▸ **Recorded information**:
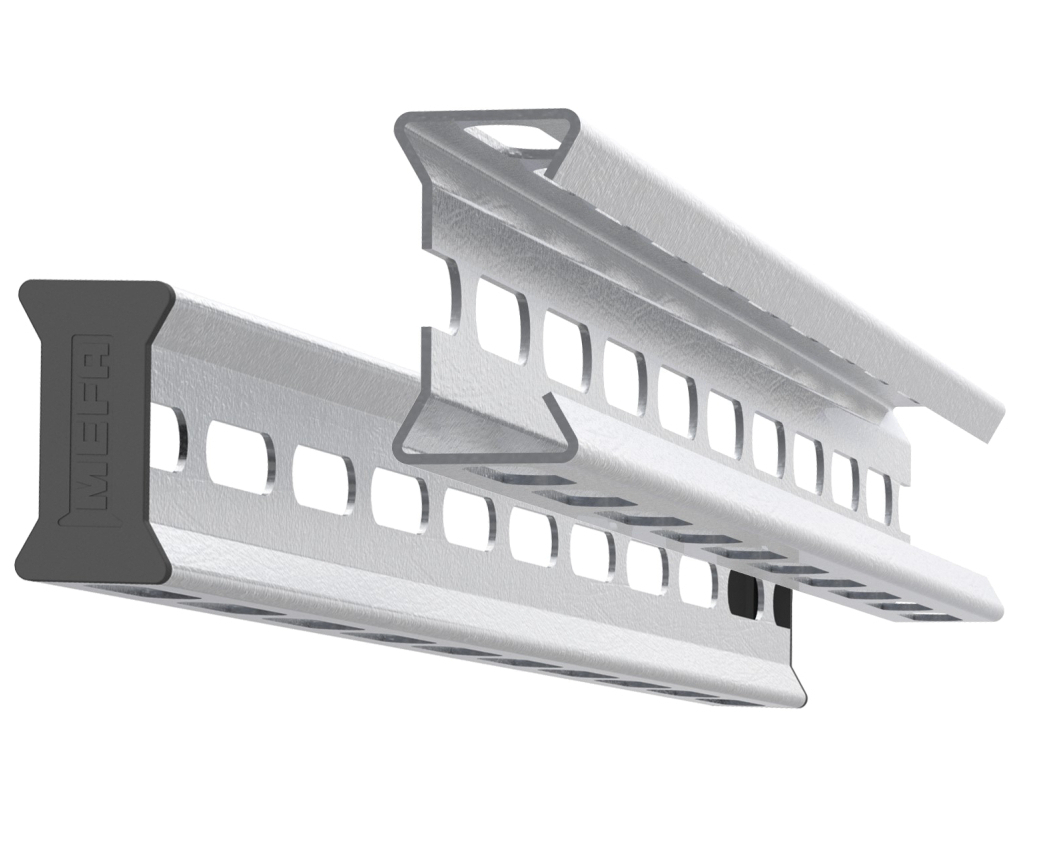 Der Befestigungstechnikhersteller Mefa hat ein Schienensystem für den Lüftungsbauer entwickelt, das bei normgerecht berechneter Tragfähigkeit 30 % Stahl und damit auch CO2 in gleicher Größenordnung einspart. Die Schiene „Signum LP 50“ mit spezieller Trägergeometrie ist gefalzt und erinnert an das Summenzeichen aus dem griechischen Alphabet und sei damit – hochkant montiert – auf Biegesteifigkeit optimiert. Die Schiene aus verzinktem Stahl muss laut Hersteller hochkant verbaut werden; also seitlich offen wie ein C. Sie dient, zwischen Gewindestangen abgehängt, als Quertraverse für Lüftungskanäle in der typischen „Affenschaukel“ oder als Auflage für Steigkanäle mittels Wandanbindung. Die Schiene ist in Längen von 2 und 6 Metern verfügbar. Dazu gibt es eine Schutzkappe für die Enden, eine Schallentkopplung für den Luftkanal sowie fertig vorkonfektionierte Wandhalter.
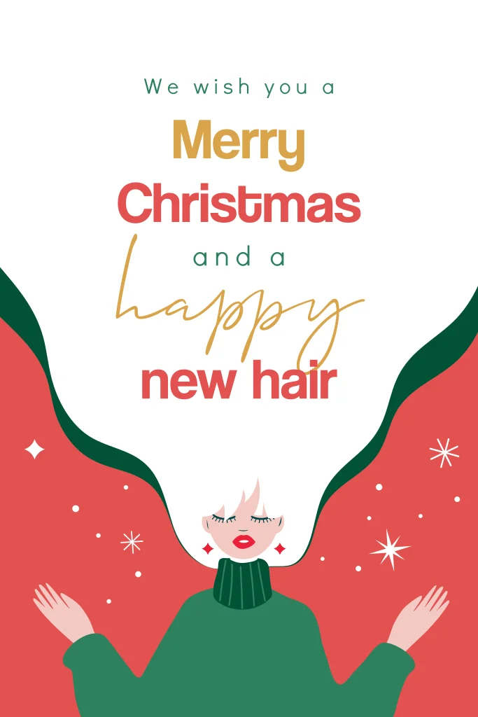 Merry Christmas and happy new hair Weihnachtskarte. Ideaal für Friseur- und/oder Beautysalons.
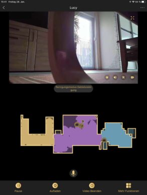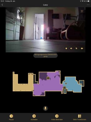 Genug begutachtet und gequatscht – es ist nun mehr als Zeit, die Hausarbeit zu erleichtern. Nach dem ersten „mapping“ und schließlich einem ersten Lauf merkt man der Lucy noch ein paar Anfangsschwierigkeiten an. In unserem Fall hat sich der Saugroboter an einer Ecke des flachen Teppichs im Wohnzimmer festgelaufen. Nach einem kleinen Stoß lief sie jedoch problemlos weiter. Später in den weiteren Runden ist so ein Problem nicht mehr vorgekommen – der Saugroboter lernt demnach mit! Schuld ist wahrscheinlich das fehlende Laser-Raumvermessungssystem. Hier wurde mit 3D-Raumerkennung und einer verbauten Full-HD-Kamera mit Tiefen-, Kollisions- und Absturzsensoren etwas neues versucht, was noch Verbesserungspotenzial hat.

▸ **Task details**: From the line containing "Merry Christmas and" to the end of the data above, give those lines again verbatim, with both endpoints included and no images.

▸ **Your response**:
 Merry Christmas and happy new hair Weihnachtskarte. Ideaal für Friseur- und/oder Beautysalons.
 Genug begutachtet und gequatscht – es ist nun mehr als Zeit, die Hausarbeit zu erleichtern. Nach dem ersten „mapping“ und schließlich einem ersten Lauf merkt man der Lucy noch ein paar Anfangsschwierigkeiten an. In unserem Fall hat sich der Saugroboter an einer Ecke des flachen Teppichs im Wohnzimmer festgelaufen. Nach einem kleinen Stoß lief sie jedoch problemlos weiter. Später in den weiteren Runden ist so ein Problem nicht mehr vorgekommen – der Saugroboter lernt demnach mit! Schuld ist wahrscheinlich das fehlende Laser-Raumvermessungssystem. Hier wurde mit 3D-Raumerkennung und einer verbauten Full-HD-Kamera mit Tiefen-, Kollisions- und Absturzsensoren etwas neues versucht, was noch Verbesserungspotenzial hat.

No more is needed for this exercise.